Nina Allan

How did you become a writer? 

The short answer is, I don’t know! I began writing my own stories and poems more or less as soon as I could read, and never really stopped. Writing things down came naturally to me as a way of recording my experiences, feelings and thoughts – a way of confirming to myself that something had actually happened. I took my writing for granted in a way, as an internal extension of my exterior self, which might be part of the reason it took me a relatively long time to begin my career as a writer. My first published story appeared in 2002, in a UK fantasy magazine called Dark Horizons. 

Name your writing influences (writers, books, teachers, etc.).

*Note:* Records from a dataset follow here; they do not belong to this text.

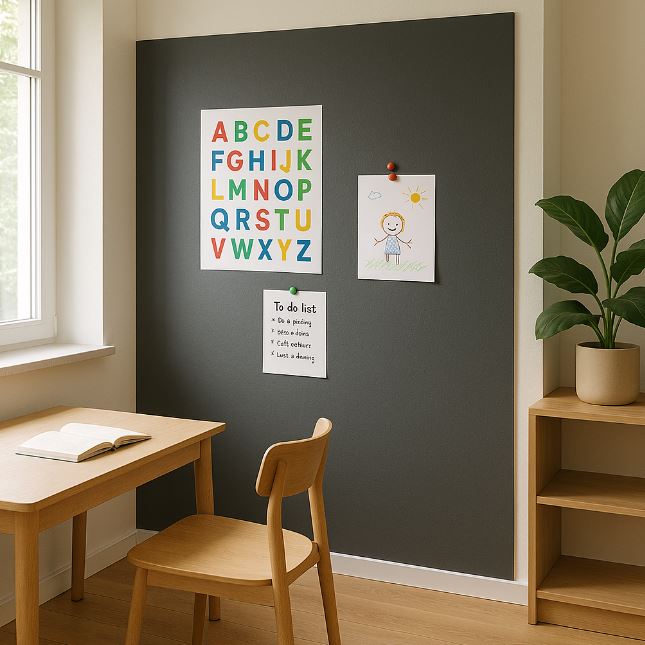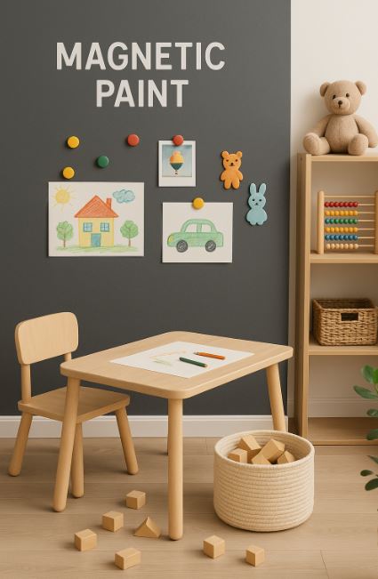 磁性漆應用廣泛,適合兒童房、辦公空間、廚房備忘牆或工作室展示牆。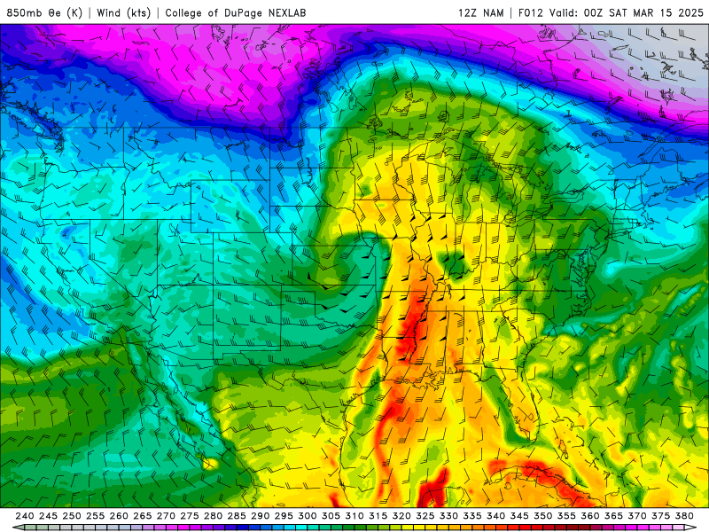 Activity in the Deep South will be driven largely by a rich low-level jet, though even some of that lifts into the upper Mississippi Valley after 0z: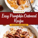 This Pumpkin Oatmeal recipe offers a cozy, nutritious breakfast option combining creamy oats with the rich flavors of pumpkin and warm spices. Perfectly sweetened with maple syrup and customizable with your choice of milk and toppings, this easy-to-make oatmeal is ideal for a comforting morning meal or a healthy snack.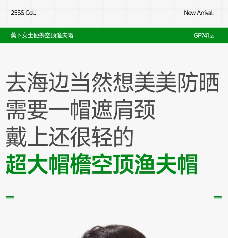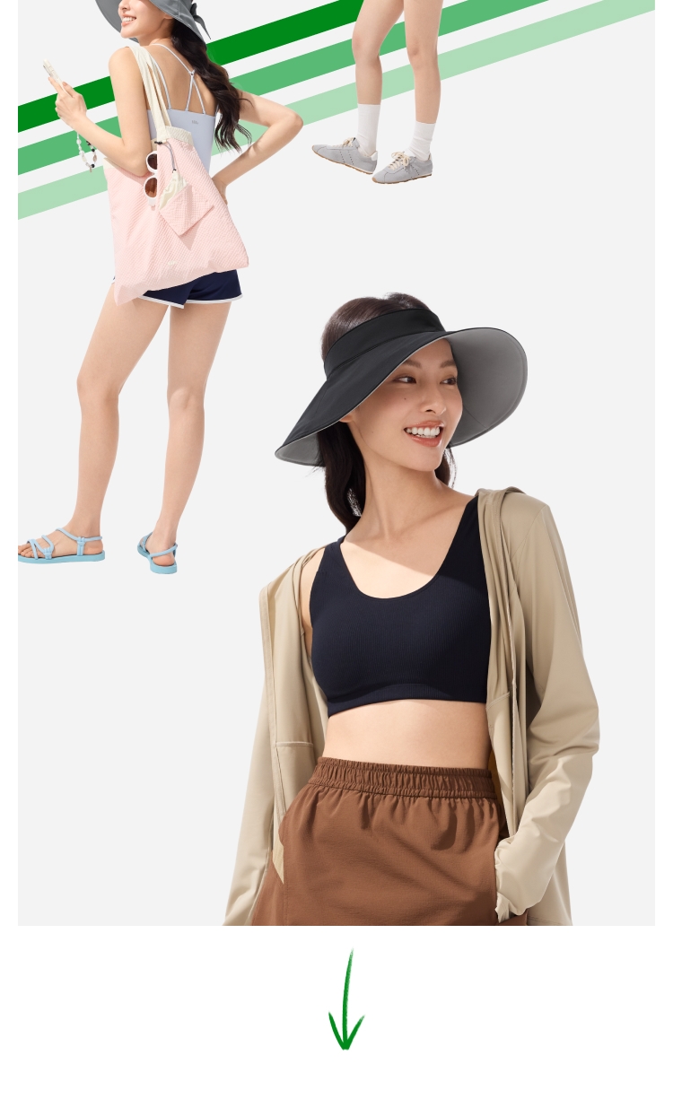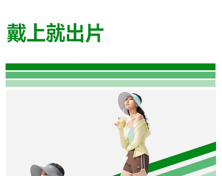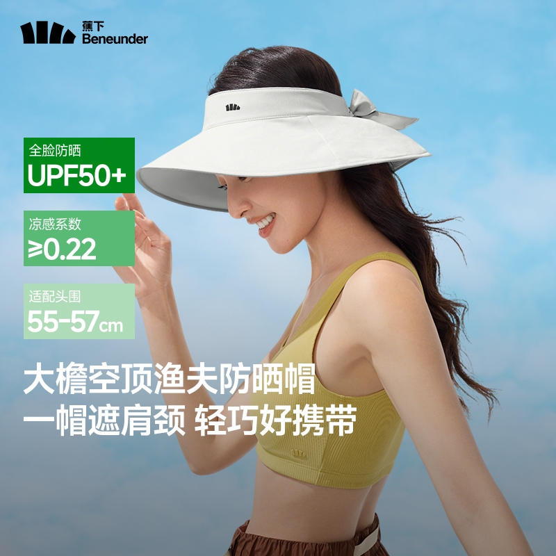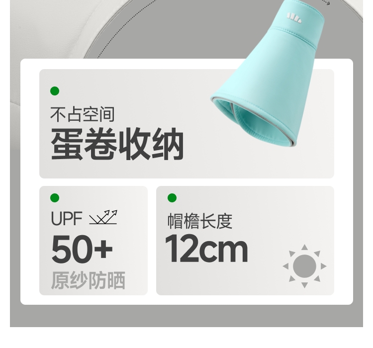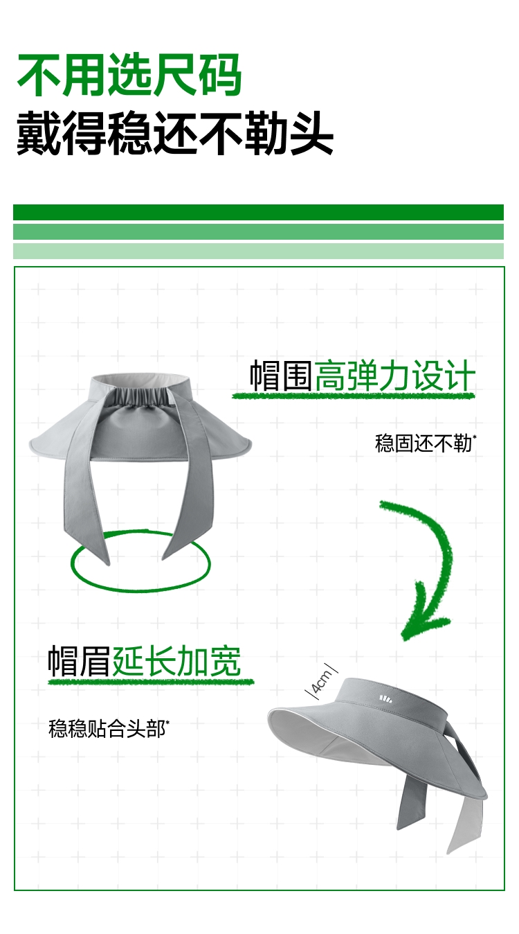 帽围高弹力设计;12cm加大帽檐防晒至锁骨 戴着也没感觉轻≈58g;UPF50 +原纱防晒 水洗不减防晒力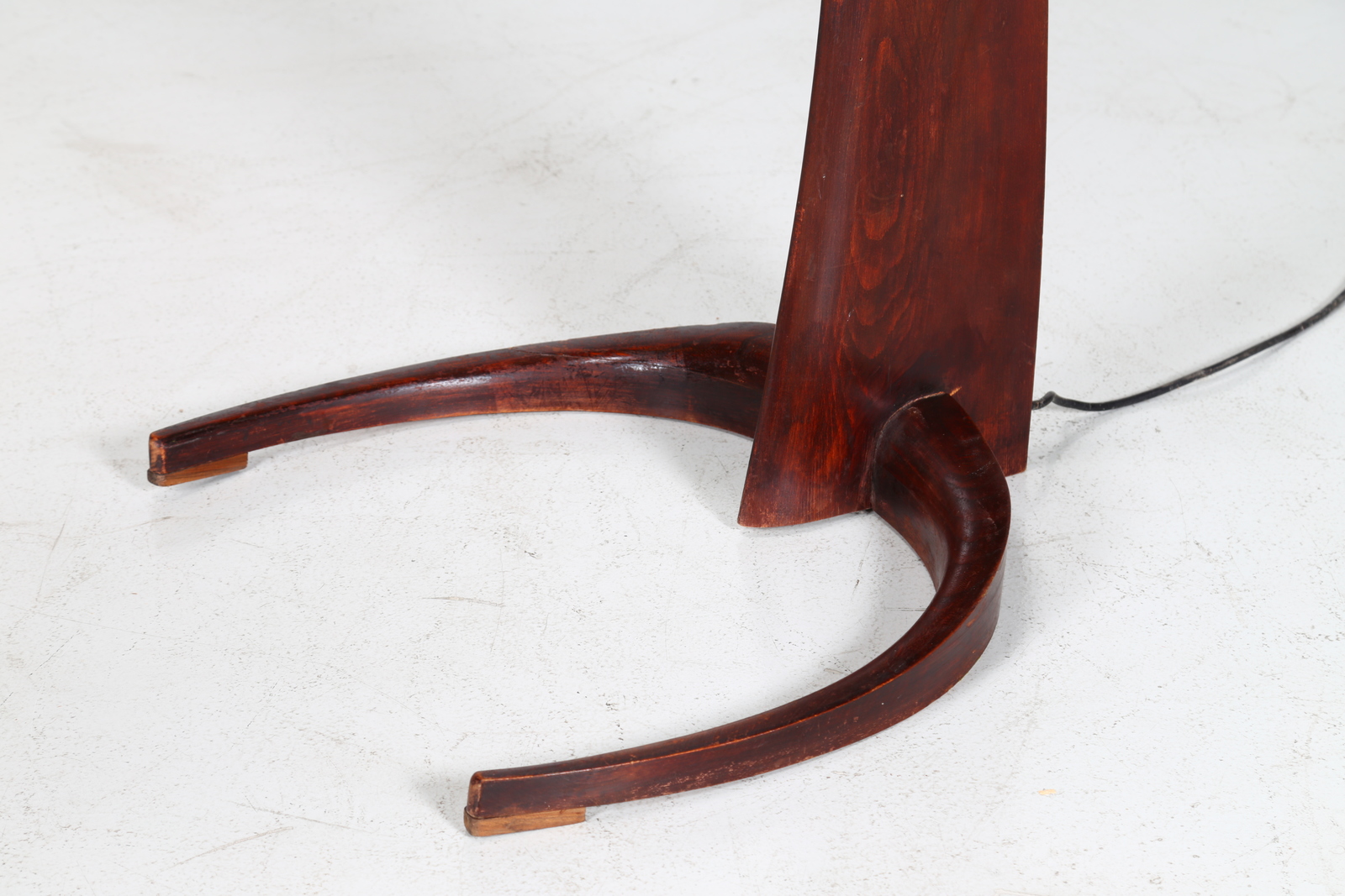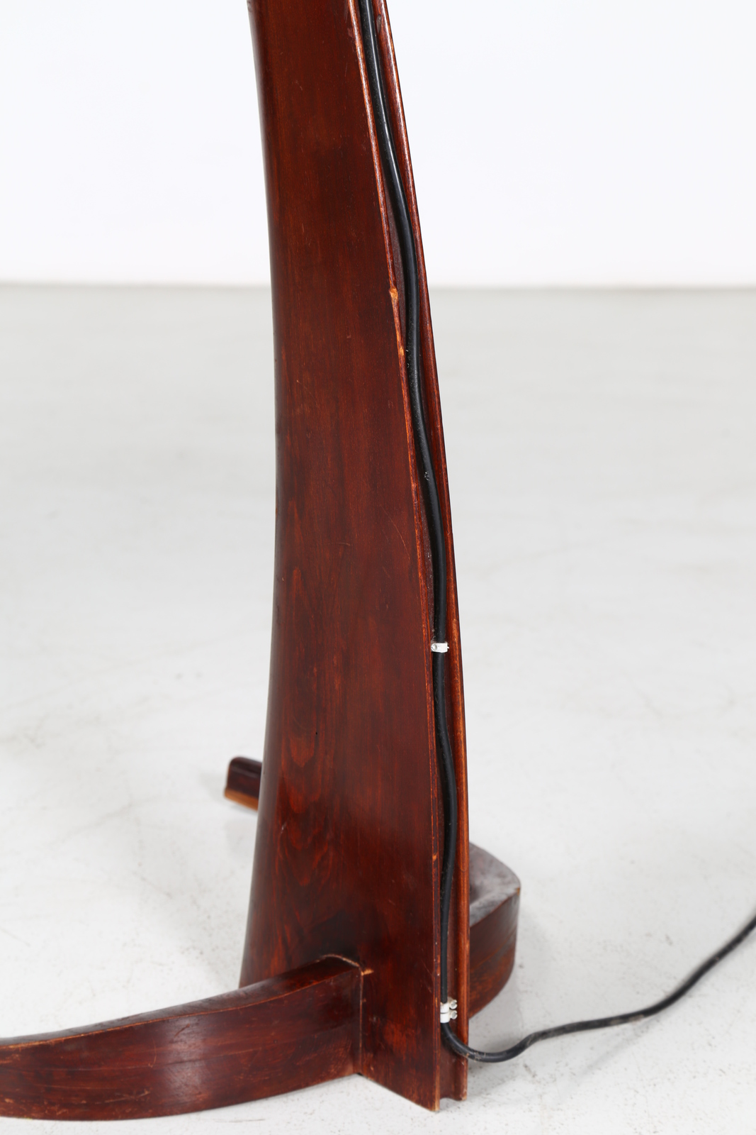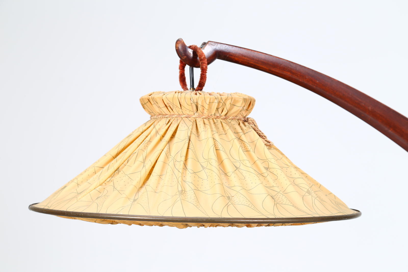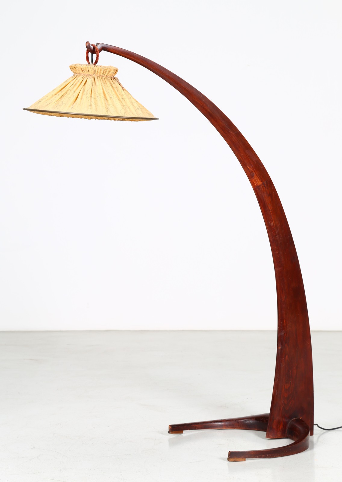 ITALIAN MANUFACTURE Floor lamp. Wood, fabric and brass. Cm 140,00 x 170,00 x 59,00. Fabric, wood and brass. 50s.

Always other writers. Older writers – often dead writers – who set out on this path long before me, the real trailblazers. As I began to attain maturity as a reader, the Brontë sisters and their works became increasingly important to me as examples of what the power of the imagination could achieve. A little later I became obsessed with the novels of John Wyndham and Iris Murdoch. I wrote my Masters thesis on the fiction of Vladimir Nabokov, whose work perhaps remains the ultimate demonstration of what can be accomplished by words on a page. In terms of books aboutwriting, there are two that stand out for me. Firstly, John Gardner’s On Becoming a Novelist, which I discovered almost by accident soon after I began writing for publication, and Stephen King’s On Writing, which I recommend to everyone even remotely interested in writing, or simply as a reading experience. Both these guys take very different approaches – sure proof that in writing there really are no rules – but what unites them is their passion, the seriousness with which they approach their subject matter. For Gardner as for King, writing is not just a craft or even an art, it is a vocation. It is this sense of commitment, more than anything, that sets the seal on whether someone will ultimately succeed in their desire to write.  

When and where do you write?

I write every day, unless I’m travelling. I am one of those writers who thrives on routine, so you’ll normally find me at my desk, in my office, looking out on the Firth of Clyde and progressing at a slower pace than I would ideally like. 

What are you working on now?

I’m working on a new novel, set here in Scotland, on the Isle of Bute. A photographer returns to her childhood home to confront the truth of what happened to her best friend, who was murdered. It starts out reading like a murder mystery but becomes increasingly weird the further you get into it. 

Have you ever suffered from writer’s block?

I don’t normally find trouble in writing or even in finding ideas – there are always too many ideas to choose from, which can be a problem in itself. My own peculiar version of writer’s block is changing my mind about a project half way through. The book I plan to write is never the book I end up writing, which inevitably means I end up scrapping a lot of material. I had already written 60,000 words of draft for my 2017 novel The Rift before I realised I had started in the wrong place – I trashed everything and began again. It sounds frustrating, terrifying even, but I have learned to accept this process of revisionism as a normal part of my working process. And no writing is ever wasted – even the stuff you throw away is stuff you have learned from. 

What’s the best writing advice you’ve ever received?

‘Write a proper second draft’. This piece of advice was given to me by my partner, Christopher Priest, soon after we met. He described his own method to me, which was to print out his first draft, then begin typing it out again, from the beginning, making necessary changes as he went. It sounded like hell to me and I privately swore I’d keep to my own method, which was to edit on the page, going over and over the draft as it existed until it felt right. Several months later I was having problems with a short story, and so I decided to give Chris’s method a try, experimenting with just the first page. The results were so instantaneous, and so dramatic, that I switched over to his method immediately and never looked back. 

What’s your advice to new writers?

The only piece of advice I feel confident in giving – because I know it is essential – is to read, read, read above your level. It is tempting to keep looking over your shoulder at what your coevals are up to, but ultimately the only way to learn and to progress and to put fire in your belly is to read works by writers who are above and beyond you, so far ahead of you that you feel you’ll never be able to achieve what they have achieved. Discover your own literary heroes, your own personal canon. Set the bar high, and remember, there are no rules. 

Nina Allan was born in East London. She studied German and Russian at Exeter University and Corpus Christi College, Oxford, where she completed an MLitt and monograph on madness, death and disease in the fiction of Vladimir Nabokov. With her short fiction appearing in many magazines and anthologies, Nina’s story collection THE SILVER WIND, a meditation on time, memory and the nature of reality was awarded the Grand Prix de L’Imaginaire (France) in 2014. Her debut novel THE RACE, set in an alternate Britain and dealing with themes of identity and loss, was shortlisted for the Kitschies Red Tentacle and the John W. Campbell Memorial Award in 2015. She also won The Novella Award for THE HARLEQUIN. THE RIFT, a tale of two sisters separated as teenagers and reunited in mysterious circumstances twenty years later, was published in July 2017 by Titan Books and won the British Science Fiction Award and The Kitschies Red Tentacle. Nina lives and works on the Isle of Bute, together with her partner the writer Christopher Priest. Nina's new novel, THE DOLLMAKER, will be published in spring 2019 by riverrun (UK) and Other Press (US).